The city of Tucson has removed itself from the business of developing an extension of the downtown area west of Interstate 10 after eight years.
For $1.2 million, Rio Nuevo is buying out the city’s stake in a 2008 development agreement with The Gadsden Co. to do projects on land south of Congress Street and west of Interstate 10 and the Santa Cruz River.
That’s the amount the city could have received if it decided developer Gadsden Co. had defaulted on a performance bond tied to the agreement. Gadsden executives said they would have taken the city to court if it had tried to foreclose on the project.
Gadsden has been trying to develop the property since 2008, when the company agreed to buy and develop the land in phases. But many of its plans fell through in the recession and it has struggled to get the government tax credits and financing it said it needed to develop housing on the site.
Rio Nuevo, a special taxing district whose purpose is to develop downtown Tucson, offered to assume the city’s development agreement with Gadsden.
Rio Nuevo will take ownership of the property and lease it to Gadsden. New retail tenants who move in will contribute new sales tax revenue to Rio Nuevo.
Rio Nuevo chairman Fletcher McCusker said the development agreement comes with a non-negotiable timeframe to build the projects. If Gadsden doesn’t get it done, Rio Nuevo would own the property and would get another developer on board.
Mercado to be expanded
Rio Nuevo also is investing $2.2 million in a $5 million project to expand Gadsden’s Mercado San Agustin, a Mexican-style plaza with a central courtyard, shops and restaurants in the Menlo Park neighborhood.
The project probably wouldn’t be built without Rio Nuevo, because the chance to get financing was “not too strong,” said Jerry Dixon, chairman of The Gadsden Co.
The Mercado San Agustin Annex will be constructed in six to nine months, beginning in September.
It will be built on 1.5 acres with 20,000 square feet of rentable space inside 53 shipping containers arranged in a way that creates “cool gathering spaces,” Dixon said.
The container buildings — chosen partly for the cool factor and partly as a placeholder for something bigger and better years down the road — would be connected by wooden decks around landscaped courtyards, he said.
All spaces are pre-leased and include a beer shop, a bike shop near a future city bike-share kiosk, a restaurant and a coffee shop, said Adam Weinstein, president and CEO of The Gadsden Co.
The project also will include a 500-seat outdoor event space with a stage, with Flam Chen as the tenant and resident theater company. The space could be used as a play area when it’s not being used as seating.
One streetcar stop is on the south boundary of the Annex project and another could be built to the east of it in the future.
The regional headquarters of Caterpillar would be across the street to the south of the Annex.
That combination of commercial offices, retail and parks is a “game changer” for the west side, McCusker said, adding the west side is “becoming magical.”
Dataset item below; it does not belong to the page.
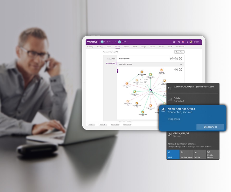 Site-to-site and site-to-multisite VPN to connect the main office with branch and home offices, all through a common SSID with the NETGEAR Insight add-on service, Business VPN*

Lenders have been skeptical about west-side projects, Weinstein said, but Rio Nuevo is acting as a catalyst, helped along by momentum in the multifamily housing market in the downtown area.
Gadsden plans to begin construction later this year on a $25-million project called The Monier, market-rate apartments with a plaza and a rooftop pool and more office and restaurant spaces. Gadsden will receive a loan through a HUD program that promotes urban infill and transit-oriented development projects.
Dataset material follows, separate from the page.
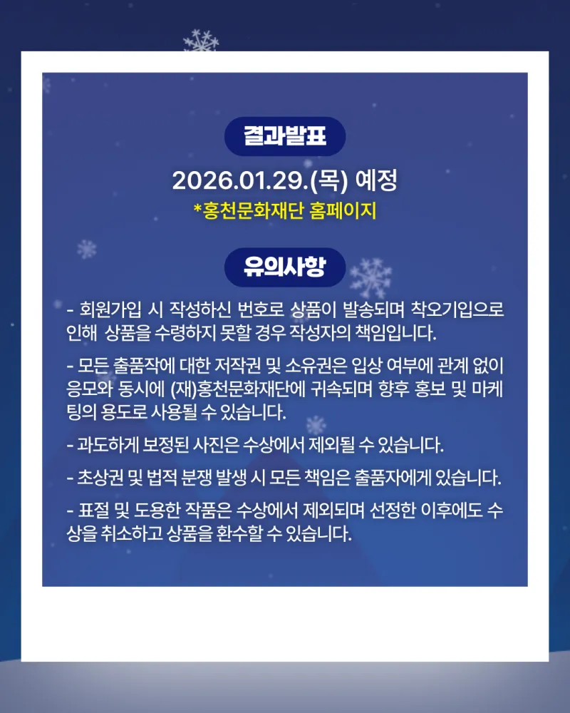 ✔️모든 출품작에 대한 저작권 및 소유권은 입상 여부에 관계 없이 응모와 동시에 (재)홍천문화재단에 귀속되며 향후 홍보 및 마케팅의 용도로 사용될 수 있습니다.
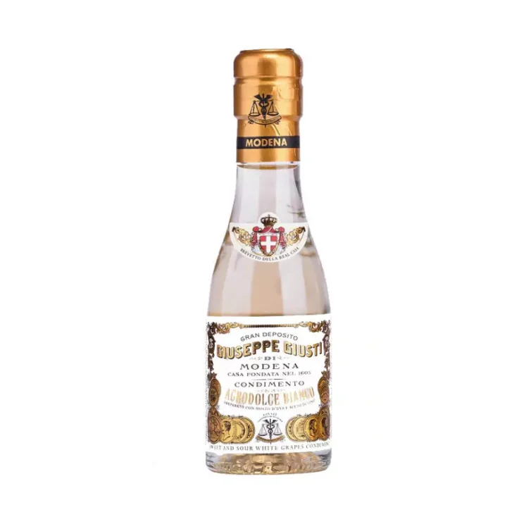 This is then combined with high quality white vinegars and aged in french oak and ash wooden barrels. This process keeps all the fruity and floral aromas of the grapes, creating a very pleasant condiment, thanks to the contrast of its low acidity and the notes of sweet, yellow fruits and dried citrus. Fresh and balanced, it is extremely versatile and easy to use. Try it in this nice 100 ml mignon bottle.

And next month Gadsden will hear whether they will receive state low-income housing tax credits needed to build a $17 million low-income housing project called West End Station.
While the city is out of the picture in the Gadsden plans, the city is still interested in the successful and mindful development of the west side and expects to see affordable housing, said City Councilwoman Regina Romero.
When the Tucson City Council approved the Rio Nuevo agreement Tuesday, it also directed the $1.2 million to be reinvested in west-side infrastructure and it recommitted to protecting the site of the future Tucson Origins Heritage Park, Romero said.
Romero said she hopes Rio Nuevo will match the funds, which could be used for infrastructure projects such as planting trees, building sidewalks or walking trails, protecting historic buildings, or creating interpretive signage. That kind of infrastructure will in turn attract more private investment, she said.
In the near future, city residents and visitors will be able to enjoy local history and take a walk along the river or up to Sentinel Peak or Tumamoc Hill as well as enjoying the retail and restaurant developments, she said.
“We have to remember that part of the attraction of Tucson and what Tucson is all about is that right there on the base of A Mountain we have more than 4,000 years of archaeology …,” Romero said, “and we have to make sure that that history of who we are and where our city was born is recognized.”